--- START ---

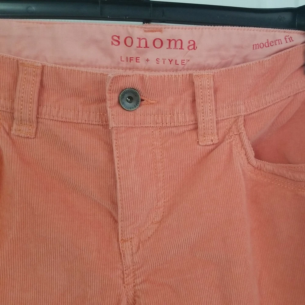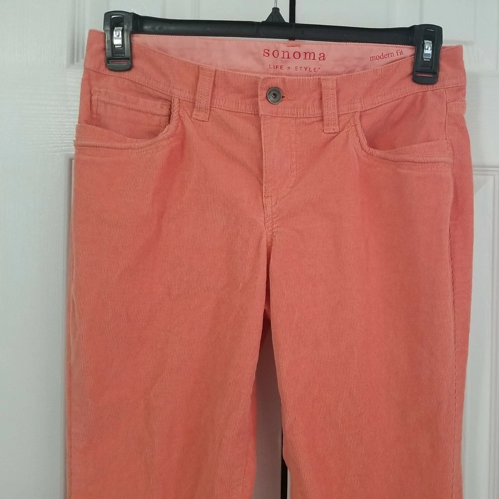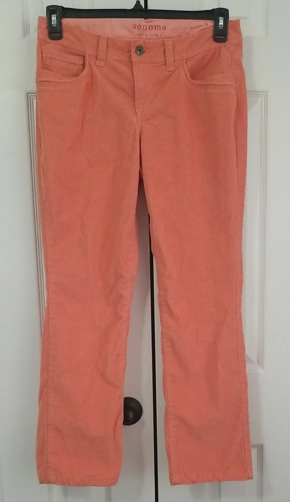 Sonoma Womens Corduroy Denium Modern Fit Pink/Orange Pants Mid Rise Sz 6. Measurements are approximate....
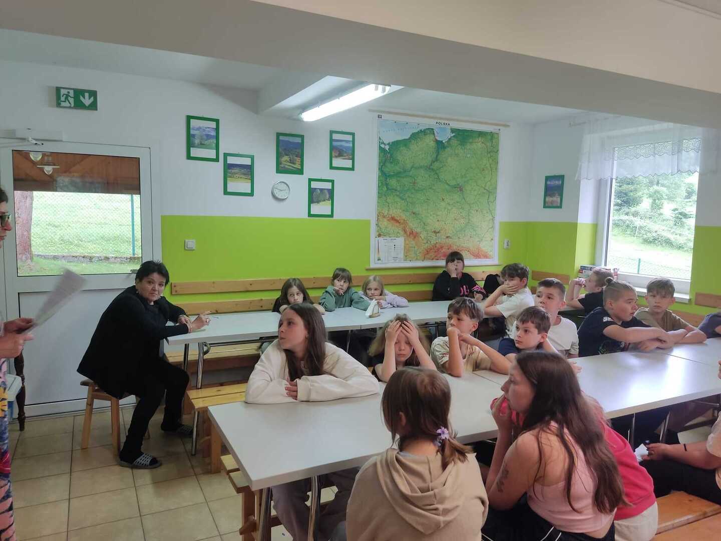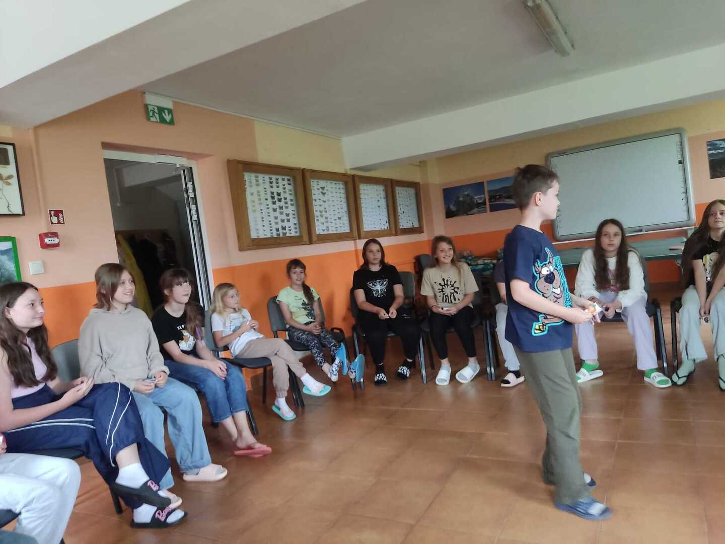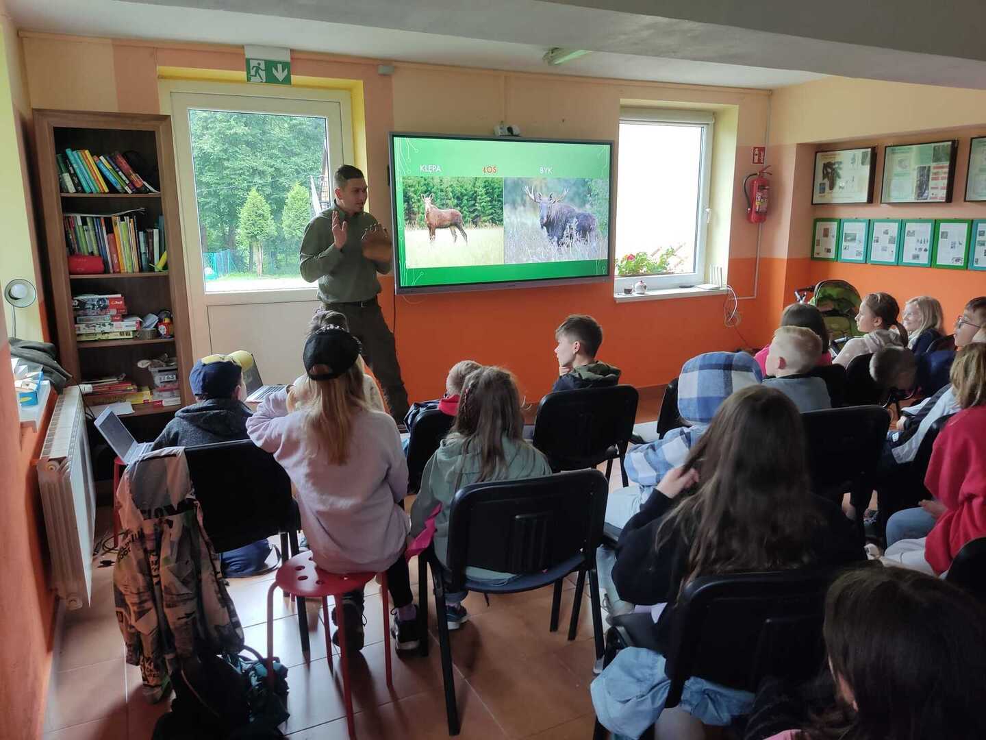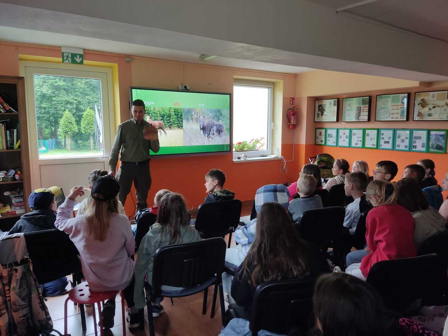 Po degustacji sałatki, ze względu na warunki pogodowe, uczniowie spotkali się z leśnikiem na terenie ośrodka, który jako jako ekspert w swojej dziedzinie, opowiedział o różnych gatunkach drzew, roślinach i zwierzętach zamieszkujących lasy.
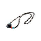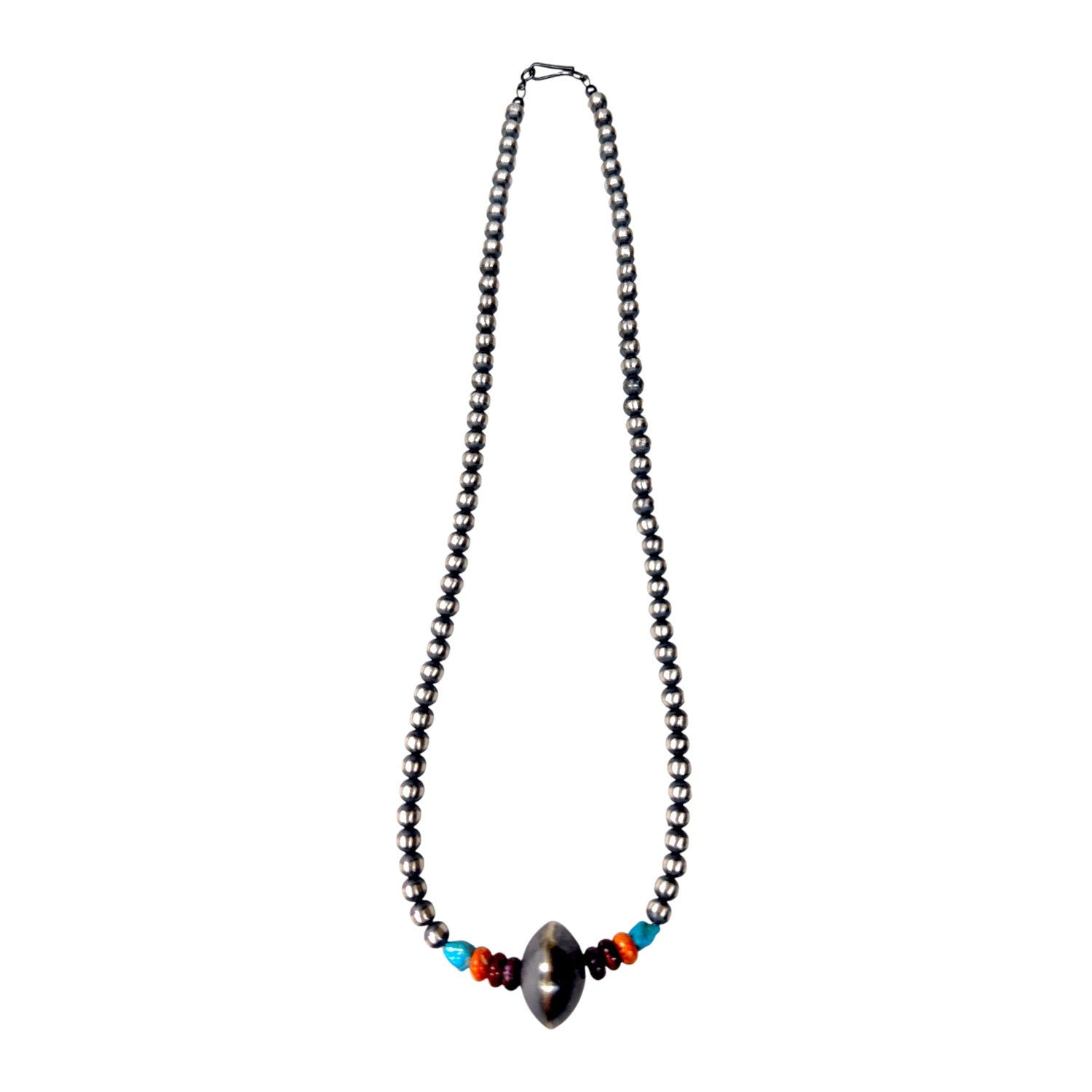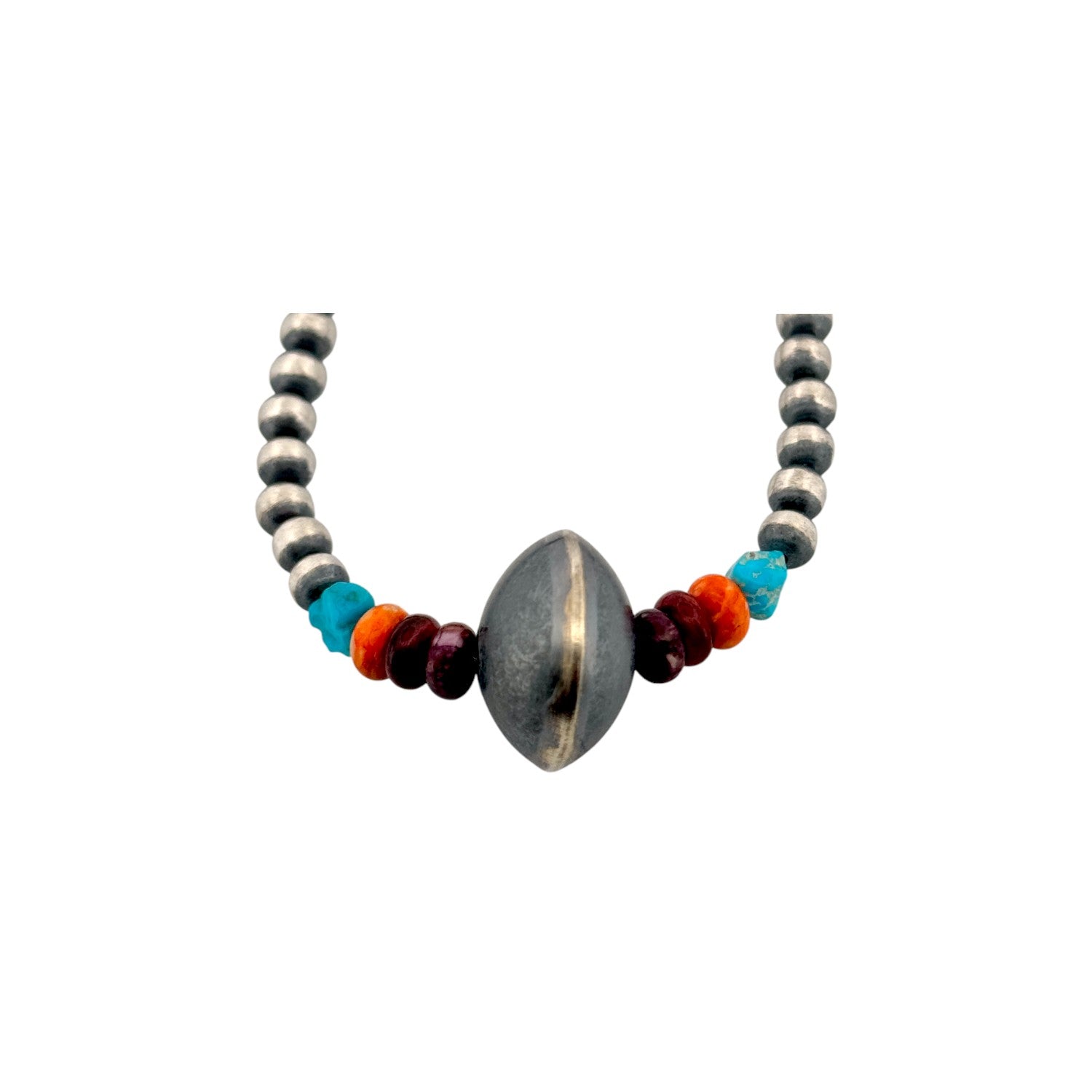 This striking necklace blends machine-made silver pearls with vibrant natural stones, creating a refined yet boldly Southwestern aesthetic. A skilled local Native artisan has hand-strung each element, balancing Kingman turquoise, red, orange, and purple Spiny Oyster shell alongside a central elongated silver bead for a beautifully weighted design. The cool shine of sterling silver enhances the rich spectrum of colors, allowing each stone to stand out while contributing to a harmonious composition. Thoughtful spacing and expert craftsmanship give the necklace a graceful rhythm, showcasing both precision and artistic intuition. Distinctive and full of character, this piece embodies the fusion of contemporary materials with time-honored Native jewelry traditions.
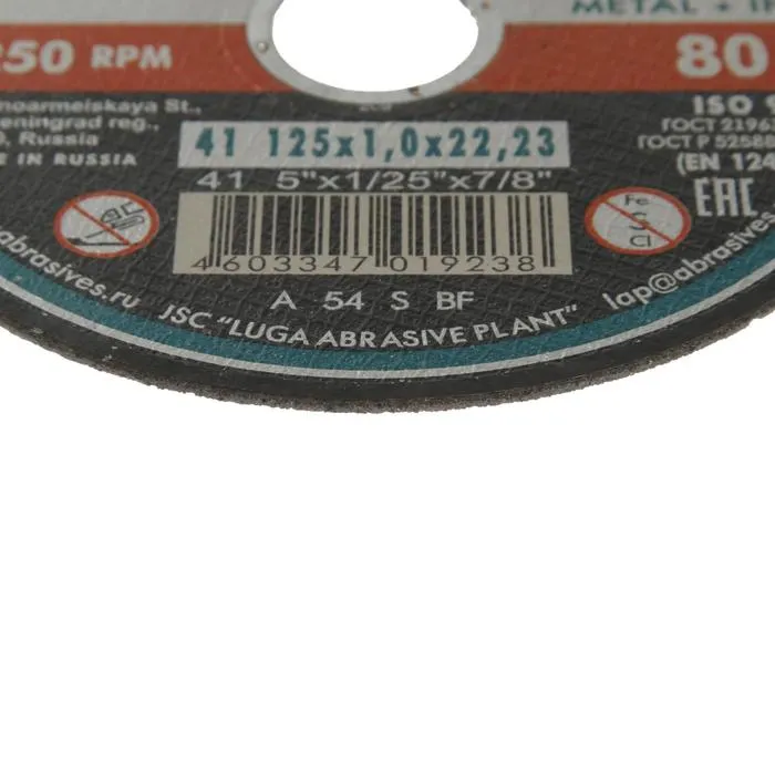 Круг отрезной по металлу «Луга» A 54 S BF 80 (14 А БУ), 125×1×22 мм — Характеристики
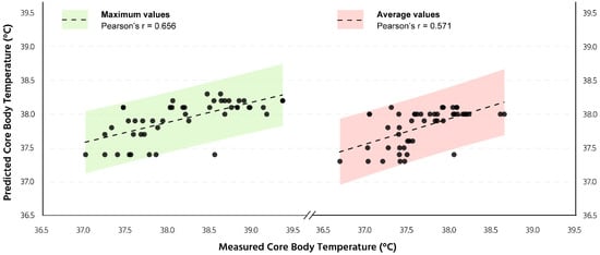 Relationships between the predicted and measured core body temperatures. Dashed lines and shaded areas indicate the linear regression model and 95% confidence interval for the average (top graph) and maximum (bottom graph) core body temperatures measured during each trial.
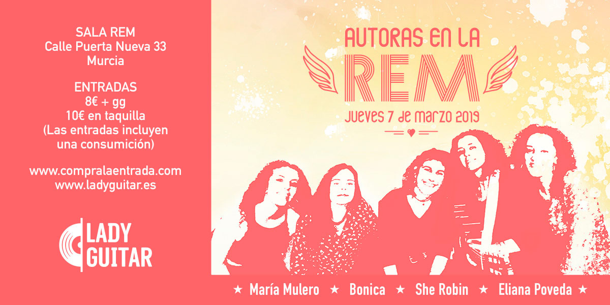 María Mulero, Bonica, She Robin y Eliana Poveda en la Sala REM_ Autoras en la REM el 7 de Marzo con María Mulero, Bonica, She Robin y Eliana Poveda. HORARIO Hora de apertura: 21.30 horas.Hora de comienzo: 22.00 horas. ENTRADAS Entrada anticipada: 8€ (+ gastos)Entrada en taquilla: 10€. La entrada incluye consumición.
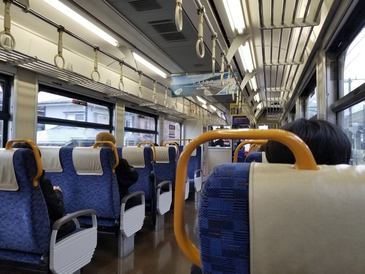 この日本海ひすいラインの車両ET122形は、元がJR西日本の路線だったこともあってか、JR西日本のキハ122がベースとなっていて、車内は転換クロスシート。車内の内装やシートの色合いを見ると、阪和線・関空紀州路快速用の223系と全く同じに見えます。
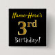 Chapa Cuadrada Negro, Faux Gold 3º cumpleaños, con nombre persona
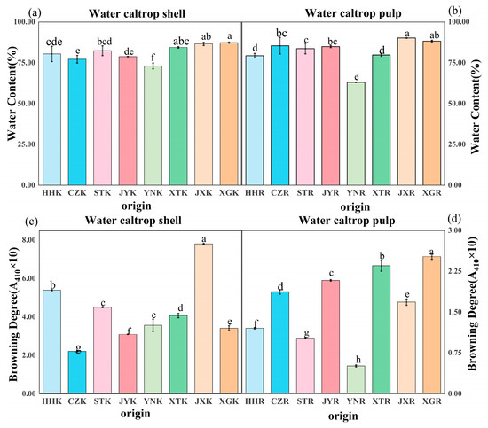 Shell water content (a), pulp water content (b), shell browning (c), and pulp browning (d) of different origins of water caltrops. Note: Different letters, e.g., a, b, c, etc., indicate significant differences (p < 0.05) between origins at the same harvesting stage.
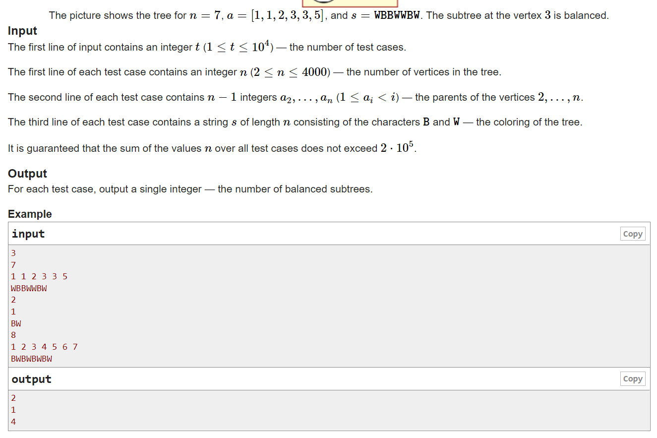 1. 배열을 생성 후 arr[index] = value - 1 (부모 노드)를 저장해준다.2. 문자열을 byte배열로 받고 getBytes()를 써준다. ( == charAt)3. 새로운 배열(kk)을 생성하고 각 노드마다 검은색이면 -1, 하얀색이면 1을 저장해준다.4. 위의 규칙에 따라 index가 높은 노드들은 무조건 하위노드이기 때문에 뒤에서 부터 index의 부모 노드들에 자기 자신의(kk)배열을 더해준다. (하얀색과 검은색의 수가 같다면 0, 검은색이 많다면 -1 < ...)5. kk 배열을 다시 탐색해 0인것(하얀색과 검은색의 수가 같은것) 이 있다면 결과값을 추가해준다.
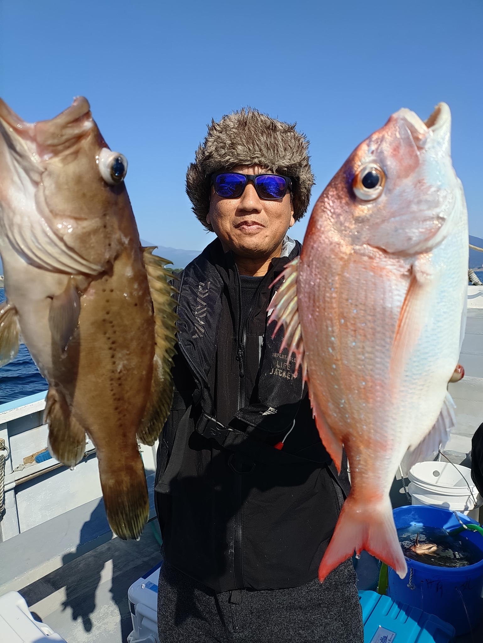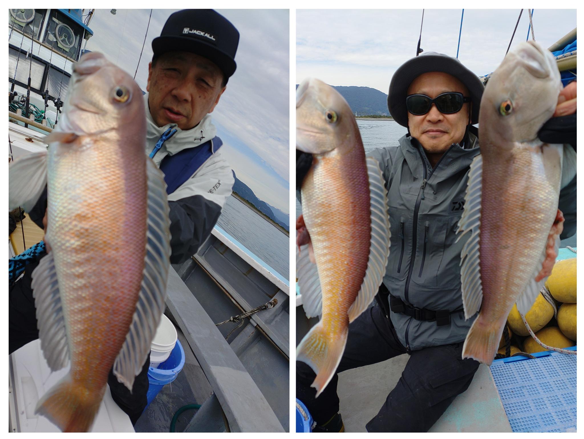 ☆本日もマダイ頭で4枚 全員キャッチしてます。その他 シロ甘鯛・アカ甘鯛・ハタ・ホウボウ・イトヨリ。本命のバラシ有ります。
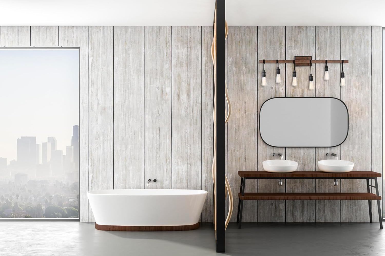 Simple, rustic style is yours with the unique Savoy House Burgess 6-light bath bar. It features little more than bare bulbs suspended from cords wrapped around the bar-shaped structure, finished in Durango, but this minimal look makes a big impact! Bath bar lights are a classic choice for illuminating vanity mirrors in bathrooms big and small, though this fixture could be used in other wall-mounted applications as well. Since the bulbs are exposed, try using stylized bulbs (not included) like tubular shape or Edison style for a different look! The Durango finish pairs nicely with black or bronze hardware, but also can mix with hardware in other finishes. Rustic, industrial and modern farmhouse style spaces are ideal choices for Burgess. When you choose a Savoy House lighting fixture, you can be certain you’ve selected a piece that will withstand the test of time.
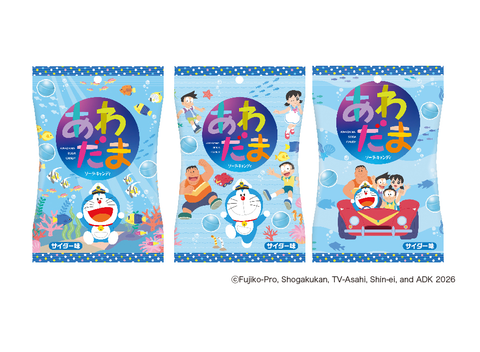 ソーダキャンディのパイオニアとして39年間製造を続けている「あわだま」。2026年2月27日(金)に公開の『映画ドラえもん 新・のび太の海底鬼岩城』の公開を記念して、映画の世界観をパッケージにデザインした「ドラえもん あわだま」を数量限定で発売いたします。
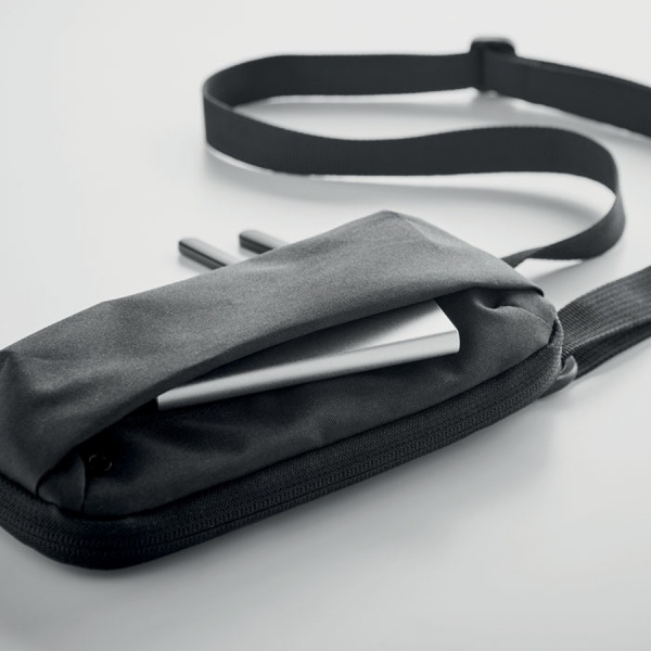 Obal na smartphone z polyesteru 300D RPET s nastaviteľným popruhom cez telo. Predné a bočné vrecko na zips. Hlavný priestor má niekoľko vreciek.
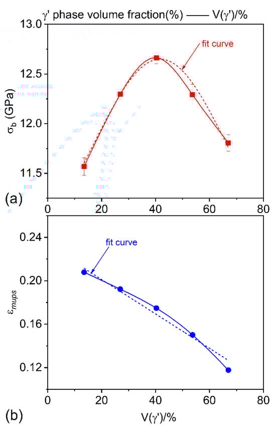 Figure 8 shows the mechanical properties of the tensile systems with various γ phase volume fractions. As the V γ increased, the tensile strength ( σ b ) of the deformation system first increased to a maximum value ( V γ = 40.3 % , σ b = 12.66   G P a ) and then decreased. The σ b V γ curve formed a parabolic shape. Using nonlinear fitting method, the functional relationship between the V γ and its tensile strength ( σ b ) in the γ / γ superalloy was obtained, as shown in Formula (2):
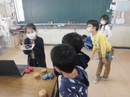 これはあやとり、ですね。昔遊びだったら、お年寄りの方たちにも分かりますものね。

--- END ---

## ABOUT THIS TASK
The complete set of records should be written out again, pictures excluded.

## RESPONSE
 Sonoma Womens Corduroy Denium Modern Fit Pink/Orange Pants Mid Rise Sz 6. Measurements are approximate....
 Po degustacji sałatki, ze względu na warunki pogodowe, uczniowie spotkali się z leśnikiem na terenie ośrodka, który jako jako ekspert w swojej dziedzinie, opowiedział o różnych gatunkach drzew, roślinach i zwierzętach zamieszkujących lasy.
 This striking necklace blends machine-made silver pearls with vibrant natural stones, creating a refined yet boldly Southwestern aesthetic. A skilled local Native artisan has hand-strung each element, balancing Kingman turquoise, red, orange, and purple Spiny Oyster shell alongside a central elongated silver bead for a beautifully weighted design. The cool shine of sterling silver enhances the rich spectrum of colors, allowing each stone to stand out while contributing to a harmonious composition. Thoughtful spacing and expert craftsmanship give the necklace a graceful rhythm, showcasing both precision and artistic intuition. Distinctive and full of character, this piece embodies the fusion of contemporary materials with time-honored Native jewelry traditions.
 Круг отрезной по металлу «Луга» A 54 S BF 80 (14 А БУ), 125×1×22 мм — Характеристики
 Relationships between the predicted and measured core body temperatures. Dashed lines and shaded areas indicate the linear regression model and 95% confidence interval for the average (top graph) and maximum (bottom graph) core body temperatures measured during each trial.
 María Mulero, Bonica, She Robin y Eliana Poveda en la Sala REM_ Autoras en la REM el 7 de Marzo con María Mulero, Bonica, She Robin y Eliana Poveda. HORARIO Hora de apertura: 21.30 horas.Hora de comienzo: 22.00 horas. ENTRADAS Entrada anticipada: 8€ (+ gastos)Entrada en taquilla: 10€. La entrada incluye consumición.
 この日本海ひすいラインの車両ET122形は、元がJR西日本の路線だったこともあってか、JR西日本のキハ122がベースとなっていて、車内は転換クロスシート。車内の内装やシートの色合いを見ると、阪和線・関空紀州路快速用の223系と全く同じに見えます。
 Chapa Cuadrada Negro, Faux Gold 3º cumpleaños, con nombre persona
 Shell water content (a), pulp water content (b), shell browning (c), and pulp browning (d) of different origins of water caltrops. Note: Different letters, e.g., a, b, c, etc., indicate significant differences (p < 0.05) between origins at the same harvesting stage.
 1. 배열을 생성 후 arr[index] = value - 1 (부모 노드)를 저장해준다.2. 문자열을 byte배열로 받고 getBytes()를 써준다. ( == charAt)3. 새로운 배열(kk)을 생성하고 각 노드마다 검은색이면 -1, 하얀색이면 1을 저장해준다.4. 위의 규칙에 따라 index가 높은 노드들은 무조건 하위노드이기 때문에 뒤에서 부터 index의 부모 노드들에 자기 자신의(kk)배열을 더해준다. (하얀색과 검은색의 수가 같다면 0, 검은색이 많다면 -1 < ...)5. kk 배열을 다시 탐색해 0인것(하얀색과 검은색의 수가 같은것) 이 있다면 결과값을 추가해준다.
 ☆本日もマダイ頭で4枚 全員キャッチしてます。その他 シロ甘鯛・アカ甘鯛・ハタ・ホウボウ・イトヨリ。本命のバラシ有ります。
 Simple, rustic style is yours with the unique Savoy House Burgess 6-light bath bar. It features little more than bare bulbs suspended from cords wrapped around the bar-shaped structure, finished in Durango, but this minimal look makes a big impact! Bath bar lights are a classic choice for illuminating vanity mirrors in bathrooms big and small, though this fixture could be used in other wall-mounted applications as well. Since the bulbs are exposed, try using stylized bulbs (not included) like tubular shape or Edison style for a different look! The Durango finish pairs nicely with black or bronze hardware, but also can mix with hardware in other finishes. Rustic, industrial and modern farmhouse style spaces are ideal choices for Burgess. When you choose a Savoy House lighting fixture, you can be certain you’ve selected a piece that will withstand the test of time.
 ソーダキャンディのパイオニアとして39年間製造を続けている「あわだま」。2026年2月27日(金)に公開の『映画ドラえもん 新・のび太の海底鬼岩城』の公開を記念して、映画の世界観をパッケージにデザインした「ドラえもん あわだま」を数量限定で発売いたします。
 Obal na smartphone z polyesteru 300D RPET s nastaviteľným popruhom cez telo. Predné a bočné vrecko na zips. Hlavný priestor má niekoľko vreciek.
 Figure 8 shows the mechanical properties of the tensile systems with various γ phase volume fractions. As the V γ increased, the tensile strength ( σ b ) of the deformation system first increased to a maximum value ( V γ = 40.3 % , σ b = 12.66   G P a ) and then decreased. The σ b V γ curve formed a parabolic shape. Using nonlinear fitting method, the functional relationship between the V γ and its tensile strength ( σ b ) in the γ / γ superalloy was obtained, as shown in Formula (2):
 これはあやとり、ですね。昔遊びだったら、お年寄りの方たちにも分かりますものね。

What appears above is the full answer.